The Ferrari F355 has two different engine packages (OBDIO-I=95 and OBDIO-II=96-99), and three different brake packages (95, 96-97, and 98-99). In street braking, there is not much difference in the braking setup and response; and for track use all brake packages should have a set of pads that are more tollerent of heat.
When F1 became available in ?96 or 97? it arrived with an uprated slave cylinder in the clutch throwout system. Like the F348s the clutch (and associated parts) is easy to change even if the parts are expensive. If you have to change anything in the clutch, do the whole thing and use the uprated slave cylinder.
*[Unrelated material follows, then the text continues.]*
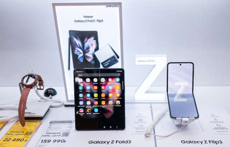 September 2, 2021, Moscow, Russia. New bendable smartphones from Samsung Galaxy Z Flip3 and Galaxy Z Fold 3 on a storefront.

Its smoother, lighter, and ever so slightly faster.

The 95 engine has a little more HP and TQ (5 HP and 2-3 lb-ft) from a slightly richer mixture allowed by the OBDIO-I emissions specification. All engines will have header issues if tracked regularly, and the 95 modle year is more affected than later. There is a uprated materials specification if/when header replacement is required. Even with the uprated materials, challenge cars replace the headers yearly. With indifferent street use headers have gone as far as 103,000 miles without failure. The hydraulic pump of the F1 cars saps some power from the engine but performance improves through the faster gear changes available through computer controlled timing of the events. The 360 F1 system is miles ahead in smoothness especially after 2001.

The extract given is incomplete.